[[ Raw data, beginning ]]
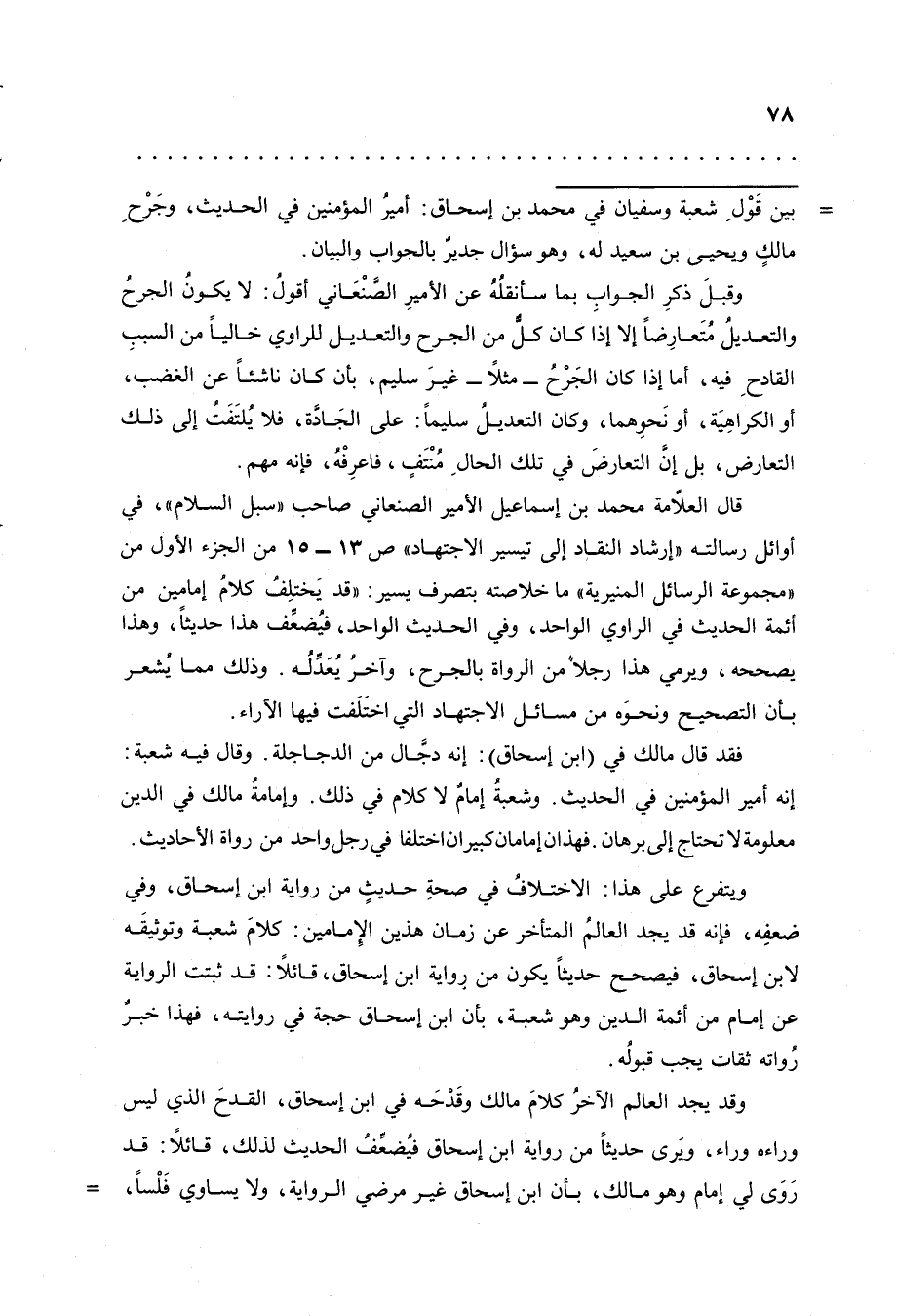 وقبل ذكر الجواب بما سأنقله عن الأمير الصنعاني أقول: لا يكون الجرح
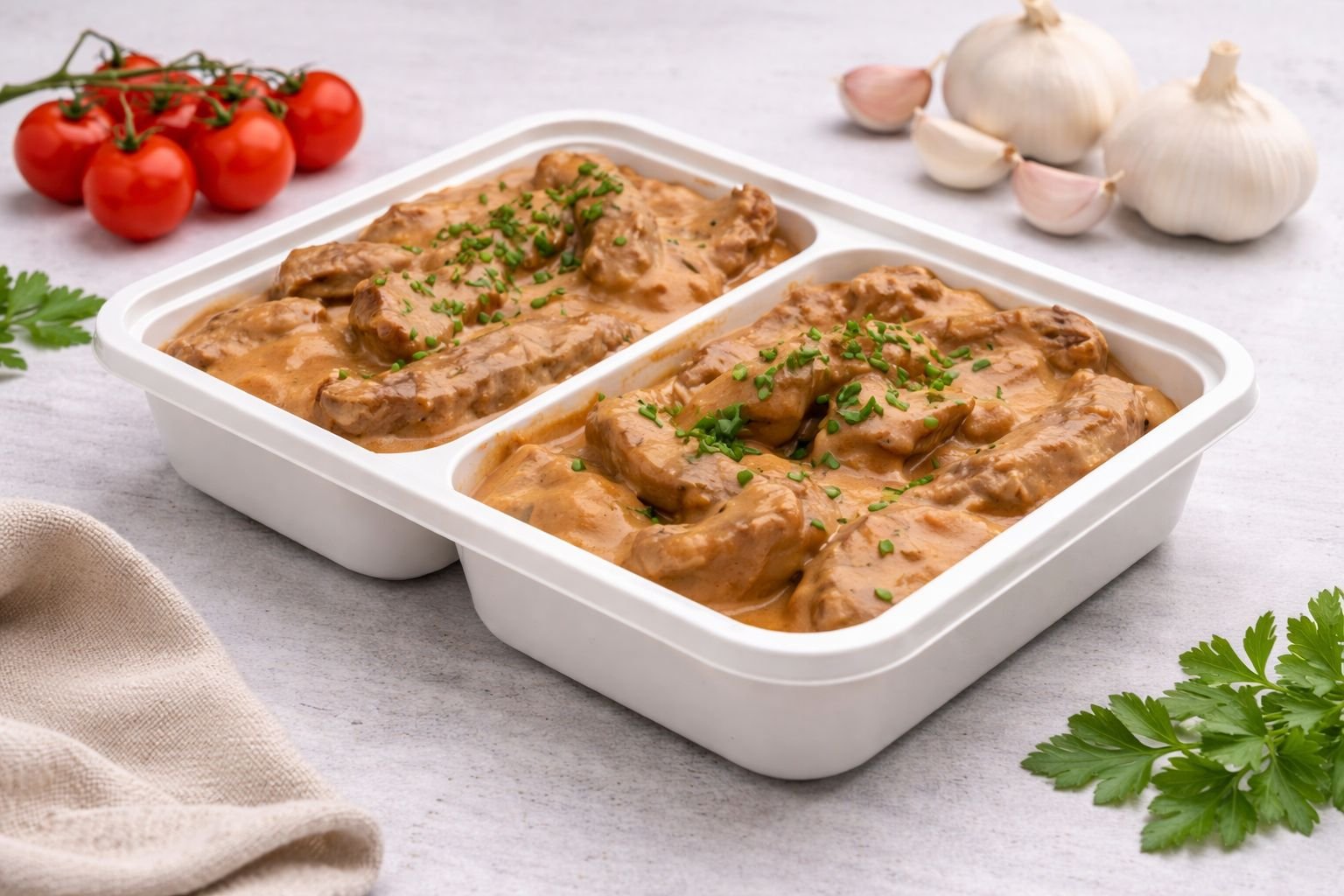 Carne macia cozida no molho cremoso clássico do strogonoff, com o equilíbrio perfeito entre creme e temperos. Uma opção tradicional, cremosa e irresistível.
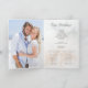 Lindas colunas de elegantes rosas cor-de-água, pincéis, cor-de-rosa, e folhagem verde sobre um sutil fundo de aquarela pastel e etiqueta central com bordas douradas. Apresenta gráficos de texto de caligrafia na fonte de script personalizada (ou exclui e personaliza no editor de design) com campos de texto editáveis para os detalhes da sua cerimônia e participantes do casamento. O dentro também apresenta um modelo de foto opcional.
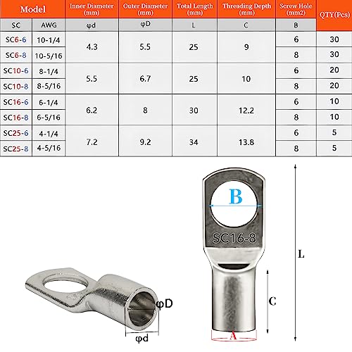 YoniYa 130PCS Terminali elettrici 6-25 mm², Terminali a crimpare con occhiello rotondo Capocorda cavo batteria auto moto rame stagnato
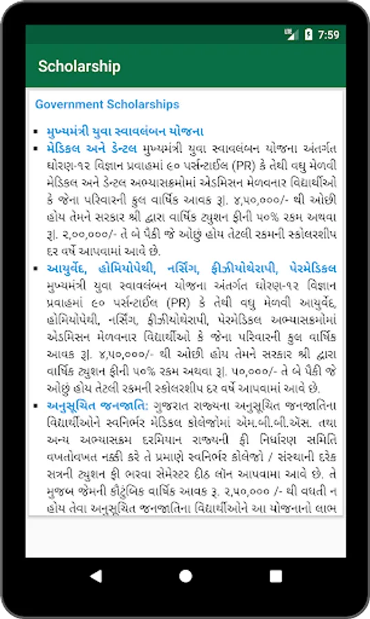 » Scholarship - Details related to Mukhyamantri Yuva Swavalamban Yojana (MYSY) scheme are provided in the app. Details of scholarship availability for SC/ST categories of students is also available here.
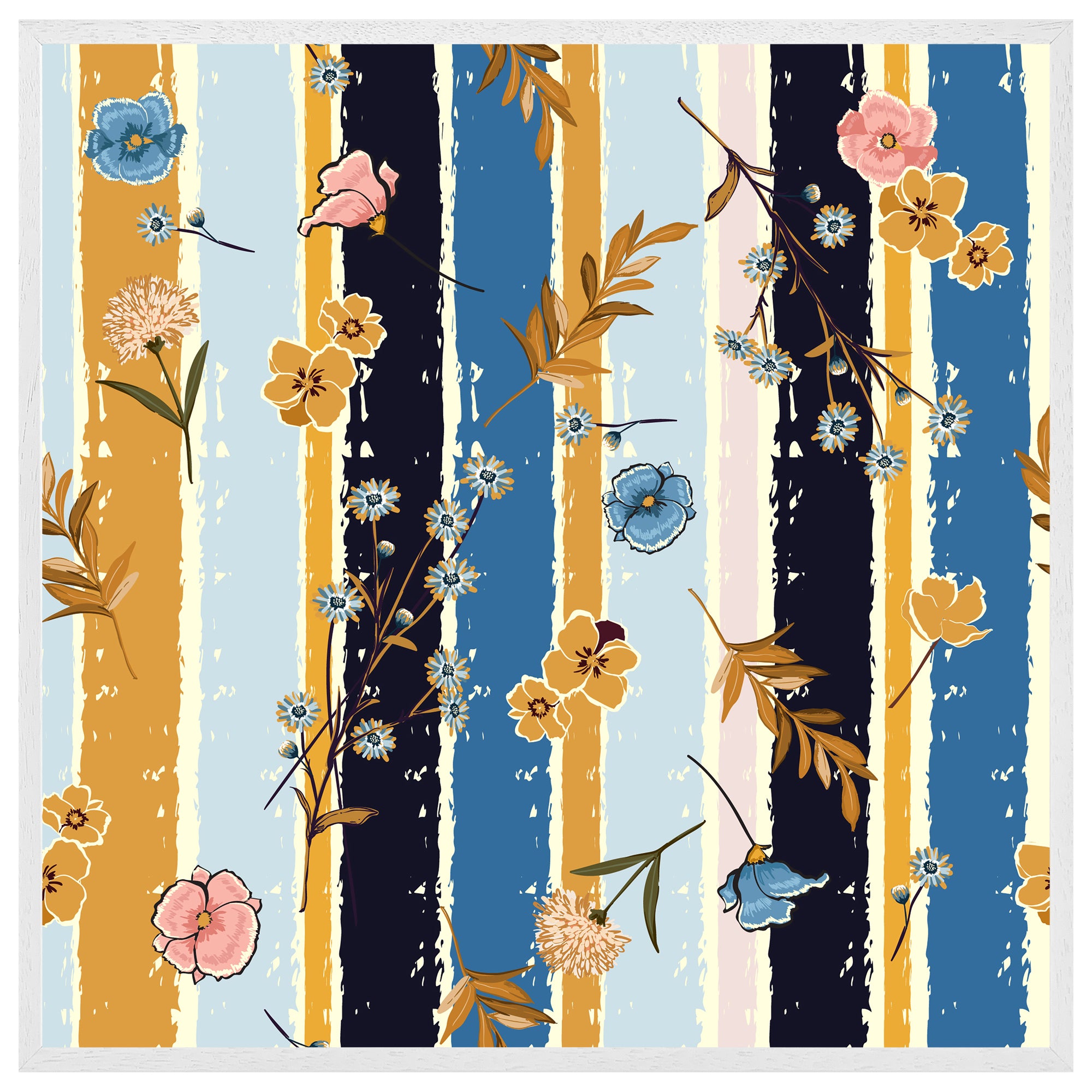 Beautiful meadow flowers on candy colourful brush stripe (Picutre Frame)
[[ Raw data, end ]]
▶ Work to be completed: If a line holds a picture, skip the picture and transcribe the rest of the material exactly.

▶ Result:
 وقبل ذكر الجواب بما سأنقله عن الأمير الصنعاني أقول: لا يكون الجرح
 Carne macia cozida no molho cremoso clássico do strogonoff, com o equilíbrio perfeito entre creme e temperos. Uma opção tradicional, cremosa e irresistível.
 Lindas colunas de elegantes rosas cor-de-água, pincéis, cor-de-rosa, e folhagem verde sobre um sutil fundo de aquarela pastel e etiqueta central com bordas douradas. Apresenta gráficos de texto de caligrafia na fonte de script personalizada (ou exclui e personaliza no editor de design) com campos de texto editáveis para os detalhes da sua cerimônia e participantes do casamento. O dentro também apresenta um modelo de foto opcional.
 YoniYa 130PCS Terminali elettrici 6-25 mm², Terminali a crimpare con occhiello rotondo Capocorda cavo batteria auto moto rame stagnato
 » Scholarship - Details related to Mukhyamantri Yuva Swavalamban Yojana (MYSY) scheme are provided in the app. Details of scholarship availability for SC/ST categories of students is also available here.
 Beautiful meadow flowers on candy colourful brush stripe (Picutre Frame)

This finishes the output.